Unconfigured Ad

Collapse
X
 
  • Filter
  • Time
  • Show
Clear All
new posts
  • davispeter
    Junior Member
    • May 2013
    • 2

    DNA assembly on GPU

    I was looking for DNA assemblers that work on GPU. I found only this paper http://www.cs.gmu.edu/~tr-admin/pape...-TR-2011-1.pdf - GPU Euler. But I was not satisfied with the concept and results provided in the paper. It works by finding the whole Euler tour without any graph transformation and error correction, still it is getting results comparable to well established assemblers like Euler SR. Like max-length of 40,000 , N-50 value 8000, etc. No other assembler works by finding the whole Euler tour then how this paper is mentioning such good results. Does anyone have read or worked with this paper?
  • samanta
    Senior Member
    • Feb 2010
    • 108

    #2
    I would say GPU is a no-go for genome assembly. We looked at various options for doing genome assembly in GPUs last year, and could not make the algorithms scale well. Genome assembly programs need very large memory bandwidth, and it is not possible to scale the programs well in the GPUs, whose greatest benefit is access to many 'parallel' processors. Late last year, I attended BGI's booth at HPC conference (Salt Lake City) and saw a number of GPU solutions being presented for various bioinformatics problems, but the genome assembly program did not seem to give any performance boost. At present our group is working on implementing a genome assembler in FPGA, where we can get the performance boost.

    I will forward your question to BGI's Ruibang, who can probably shed more light on the current status.
    http://homolog.us

    Comment

    • davispeter
      Junior Member
      • May 2013
      • 2

      #3
      hmmmm. Thanks for reply. But what about the Euler approach. In the paper (that I mentioned) the Euler approach is implemented parallely. Does that mean Euler approach is not good?

      Comment

      • lh3
        Senior Member
        • Feb 2008
        • 686

        #4
        According to the tech report, 90% of total time goes to "I/O". If I understand correctly, this "I/O" phase, unusually, includes k-mer counting and is done purely with CPU. K-mer counting is one of the slowest and most memory hungry steps in the construction of de Bruijn graph. If we cannot parallelize this step with GPU, we will not get much speed up.
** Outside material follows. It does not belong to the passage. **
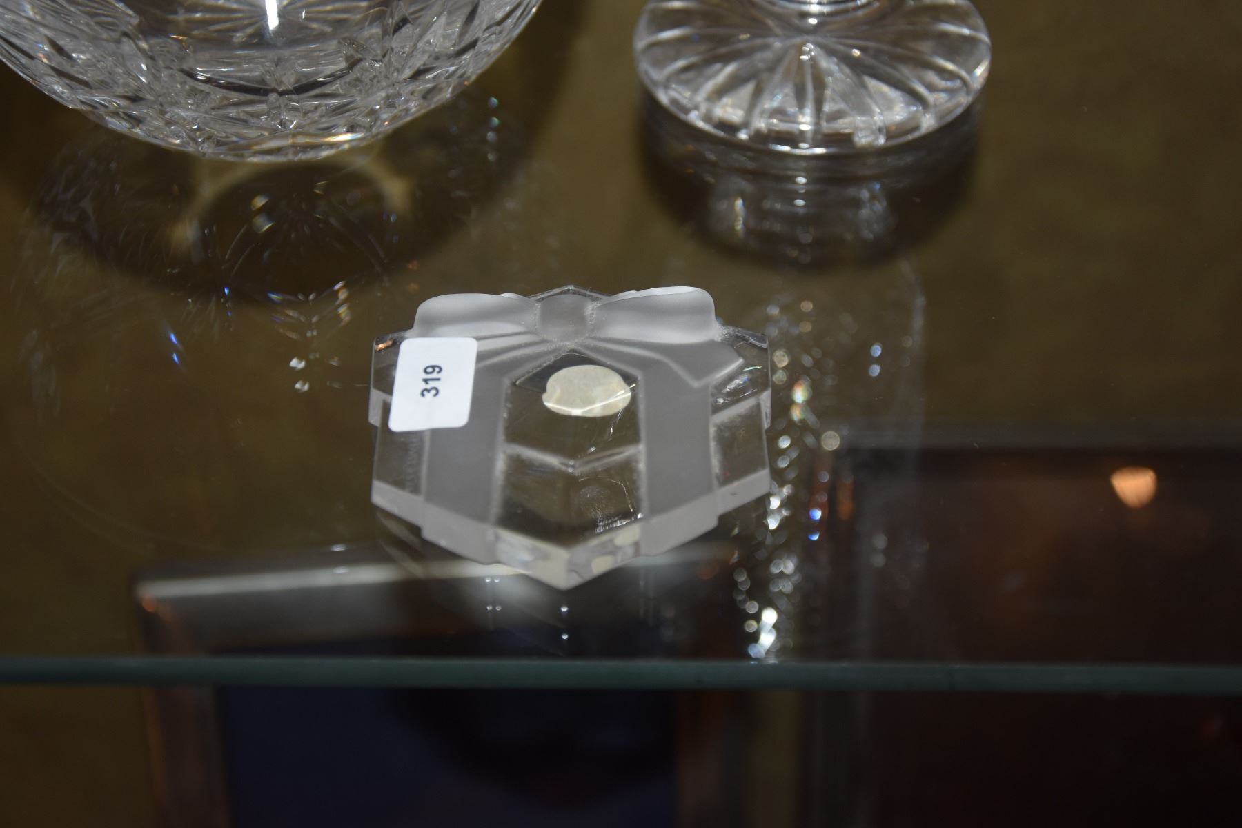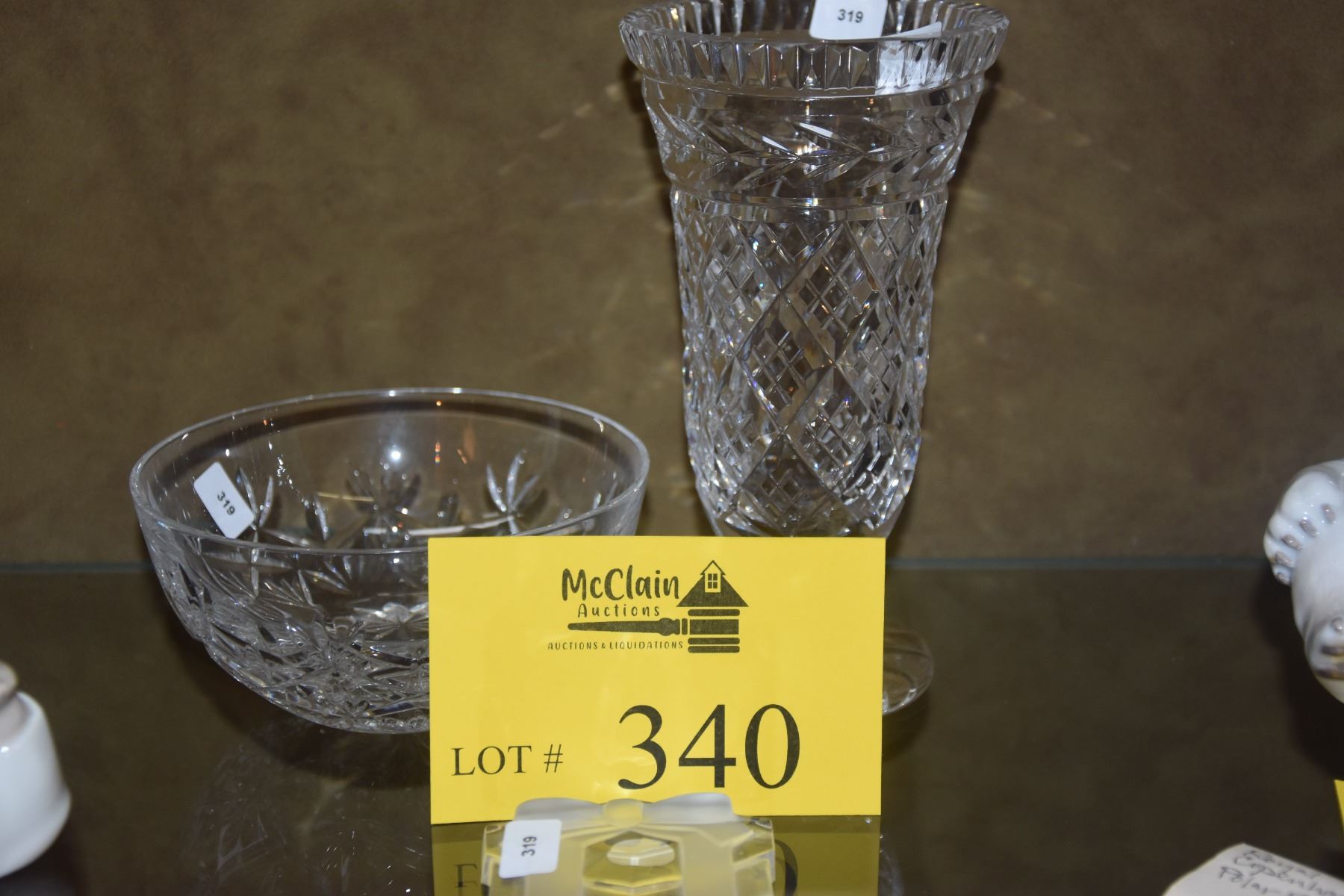 TIFFANY & CO. CRYSTAL BOWL, WATERFORD CRYSTAL VASE & TIFFANY CRYSTAL GIFT BOX W/FROSTED BOW ORNAMENT STYLE TRINKET (3 PCS)
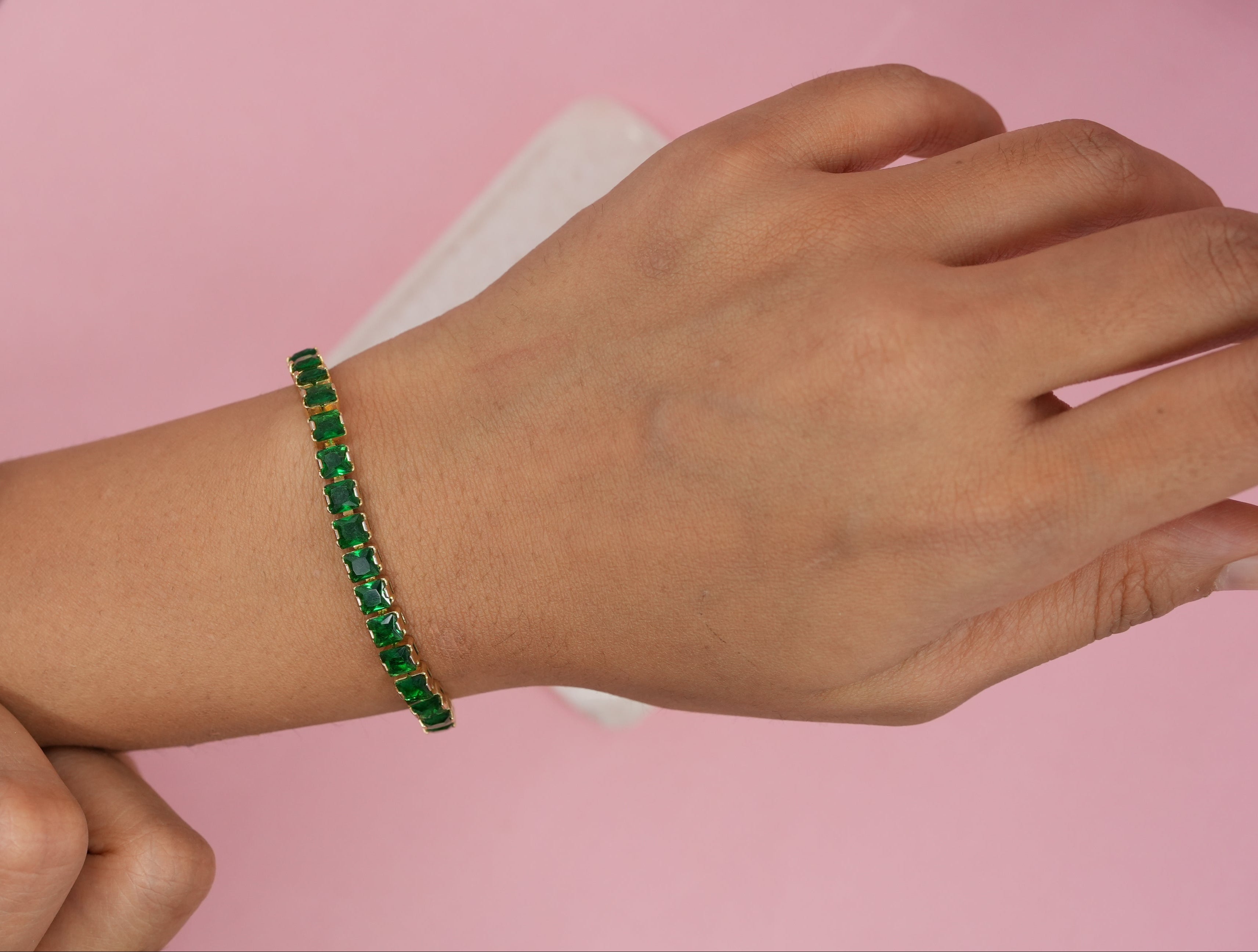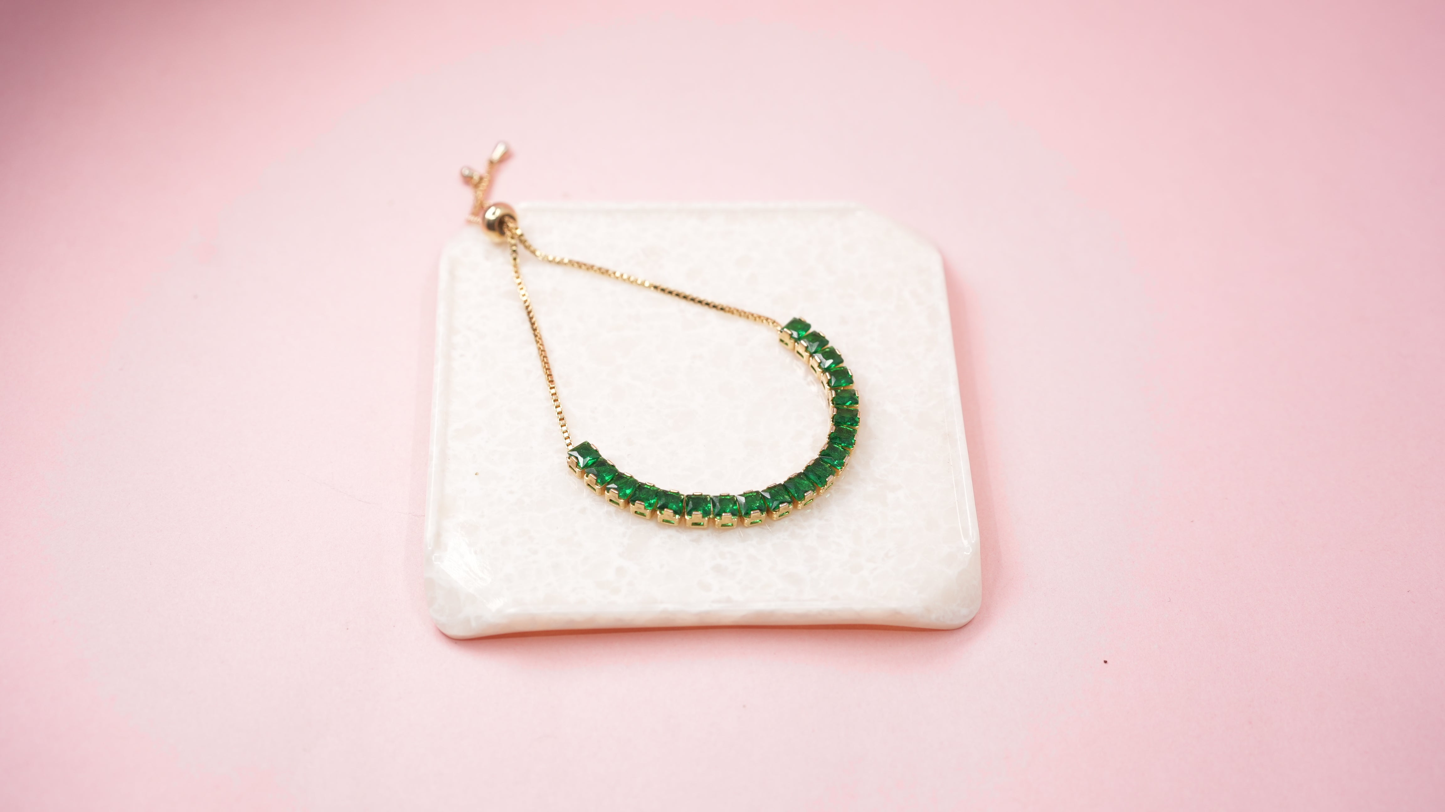 “The Jade Trail Golden design blends the richness of gold with the serene beauty of jade. A graceful path of green stones flows through a golden setting, symbolizing harmony, balance, and timeless elegance.”

        In addition, the reported assembly speed is slower than what I would expect with velvet. I think velvet can usually get the results in a minute or so given 20X error-free data for a ~2Mbp genome. That is in par with GPU-Euler.

        In all, I think the tech report does not prove that a GPU-based de Bruijn assembler is much better than CPU-based ones.

        Comment

        • Aqua
          Junior Member
          • Jan 2013
          • 2

          #5
          Thanks Samanta and lh3. I'm not closing the possibility of implementing an ultra-fast assembler on GPU, but the reduction nature of genome assembly problem constrained it from scaling well on GPU. For the latest GPU model nVidia GTX Titan, which has 2600+ cores but only ~300G memory bandwidth, every core will only get ~100MB/s memory bandwidth, not mentioning the optimal can only be achieve by coalesced memory access, which is almost impossible to be fulfilled no matter using DBG, String Graph or Greedy. Another problem is that GPU has only limited amount of on-board memory (3G-12G), swapping between host memory and GPU memory is possible but ultimately slow.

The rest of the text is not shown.